In mice, the first progenitors begin to develop in the embryonic yolk sac on
embryonic 7-7-5, this process is defined as primitive haematopoiesis. It has
been shown recently that erythro-myeloid progenitors (EMPs) develop from blood
islands within the yolk sac and classed as early erythro-myeloid progenitors
(59, 61). After the primitive stage, definitive haematopoiesis occurs which produces
late erythro-myeloid progenitors (EMPs) and lympho-myeloid progenitors (LMPs) (62,
63). At embryonic day 8.5, the following progenitors establish the foetal liver,
where they reproduce and subsequently produce foetal monocytes, at embryonic
day 10.5, these precursor and mature haematopoietic stem cells inhabit the
liver and this becomes the primary organ for haematopoiesis (60, 64, 65).

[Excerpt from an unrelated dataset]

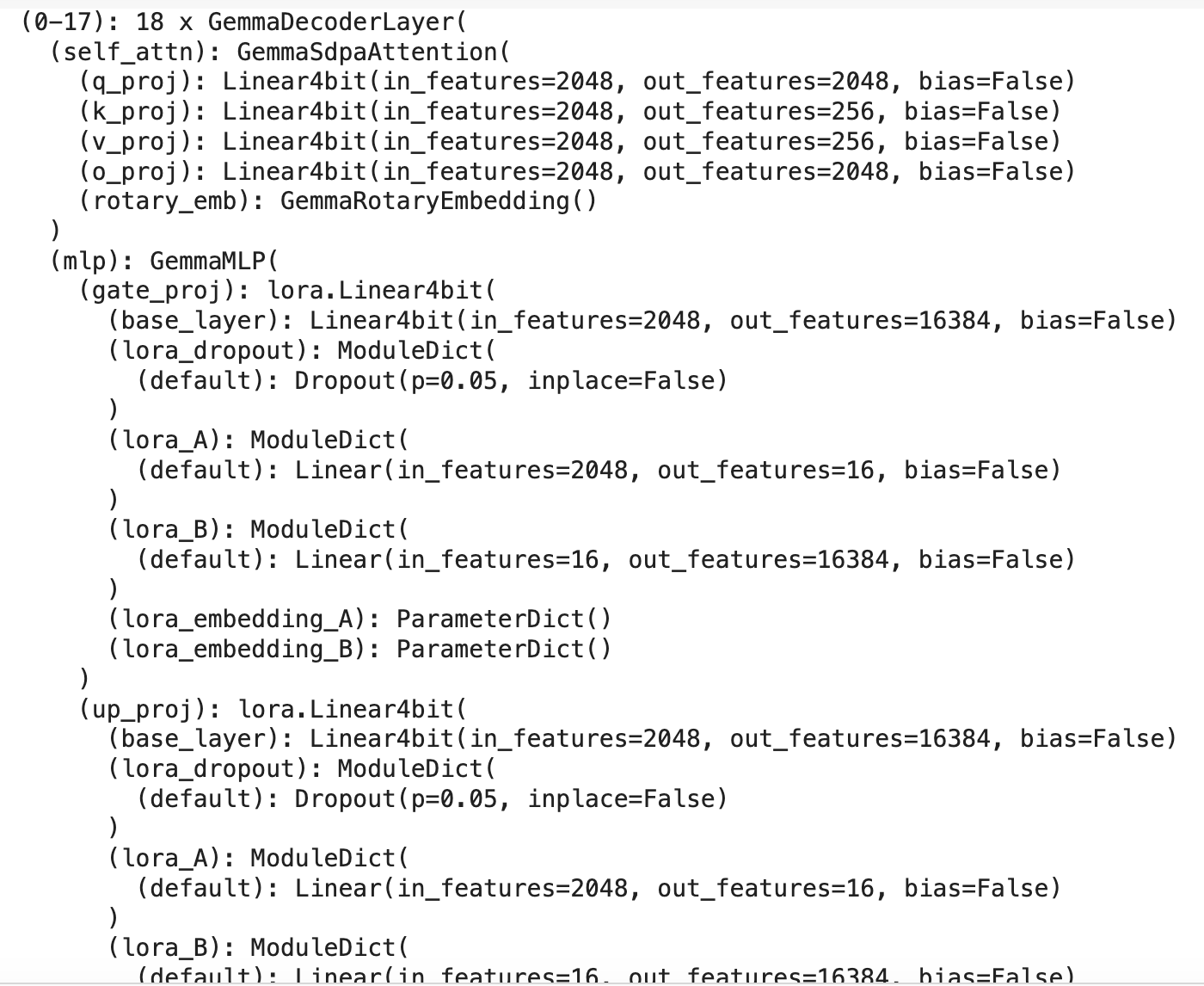 attention은 그대로이고, mlp의 gate, down, up에 LoRA가 붙은것을 볼수 있다.

The first mouse model which demonstrated that
tissue-resident macrophages were developed in embryonic development by yolk sac
erythro-myeloid progenitors in yolk sac as opposed to monocytes derived from
haematopoietic stem cells was Runx1-MERCre-MER, the specific population of tissue-resident macrophages identified
were microglia (66). These findings were consistent with a study using the
mouse model Csf1rMer-iCre-Mer, the study showed that tissue-resident
macrophages, microglia, were still present within the Myb -/- mice
(11) even though the Myb proto-onogene protein is needed in the process of murine
definitive haematopoiesis (67). The embryonic origin of macrophages has been
further confirmed by studies that have shown that adult monocytes do not
contribute to the development to tissue-resident macrophages in homeostatic
conditions (53, 69). The study by Yona et al. (53) highlighted that there may be
a CX3CR1+ precursor for tissue-resident macrophages that have
derived independently from monocytes as yolk sac macrophages do express CX3CR1 (68,
71) but this has not yet been established. In a study by Gomez et al. (10), it
was suggested that the origin of tissue-resident macrophages was
erythro-myeloid progenitors within the yolk sac, this further confirmed by
Hoffel G, et al. (59) using yolk sac macrophage depletion and multiple mouse
models that the majority of tissue-resident macrophages may derive from late
erythro-myeloid progenitors that have been developed from foetal monocytes in
the liver. This is the opposite to microglia, which are said to derive from
yolk sac macrophages without the need for monocyte precursors (10, 11, 66, 70).